15... Rxf7 16. Bxf7 axb4+ 17. Kd3 Qd6+ 18. Ke2 fxg5 19.Qg8+ Ke7 20. Rd1 (20. Re1 Nc2!) 20... b6 21. Qe8+ Kf6 22. Rxd6+ cxd6 23. Qh8+ Kxf7 24. Qxh7+ and Black has three pieces for the queen and counter chances. 

12... Qe7 

12... Rxa5 13. Bg5! f6 14. Bh6 Qe7 15. Qxe7+ Kxe7 16. Bxf8+ Kxf8 17. Nc4! with a better ending for White.

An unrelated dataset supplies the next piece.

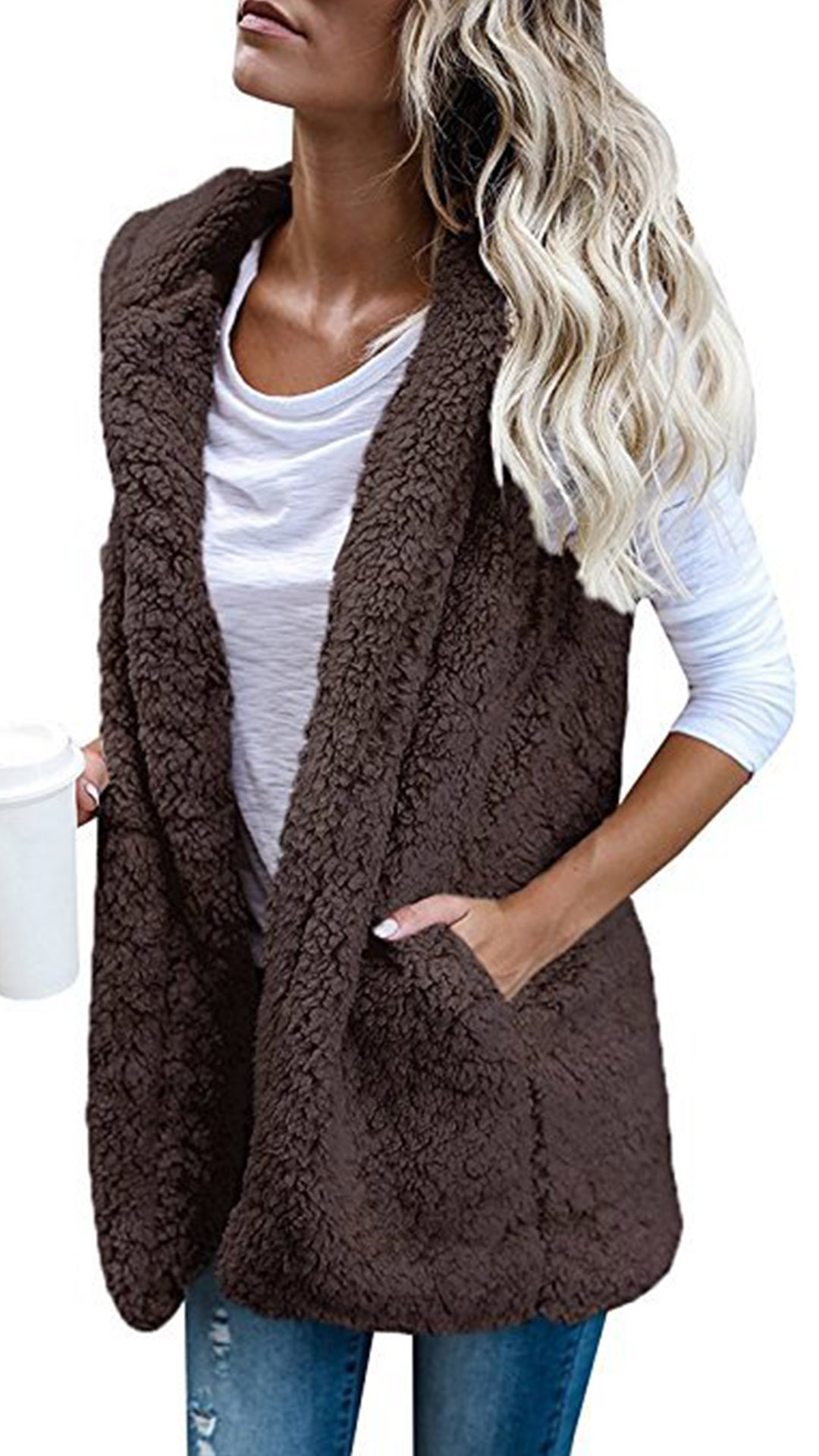 fabric can keep you warm and comfy. Finished with sleeveless and hooded silhouette,this wonderful piece

13. Bc4 d5 14. Bxd5? More in the spirit of aggression and the position is 14. Bh6!, keeping the initiative and good winning chances. 

14... Qc5+ 15. Bc4? The crucial mistake. 15. Nc4 is necessary. If 15... Qxd5 16. Bh6 

15... Be6 16. Rd1 Qxa5+ 17. b4 Qa4 18. Rd2 Bxc4 19. Nxf7 Qb3+ 20. Kd4 Bxf7 21. Re2+ Kd7 22. Rd2 Rae8 23. Kc5+ Kc8 24. Qd4 Qe6 

24... Re5+ 25. Qxe5 Qc4# would have been quicker, but this oversight doesn't change the result. White resigns (0-1).

Ignatz Hermann Korner


This book was written by Ignaz Hermann Korner (link in German), the longtime president of Hakoah in Vienna, Austria. Herbert Halsegger, who is researching and is interested in the Jewish players and chess club of Hakoah in Graz, Austria, notes in an email to us, Korner organized the international tournament in Vienna in 1928, where many strong Jewish players played, as reported in the Wiener Schach-Zeitung (No. 5, 1928, pp. 69ff):  

This is especially interesting for chess in Palestine and Israel since, as Halsegger notes, the players included Wolf, Beutum, and Glass, who later emigrated to Palestine, as did Korner himself, in 1938.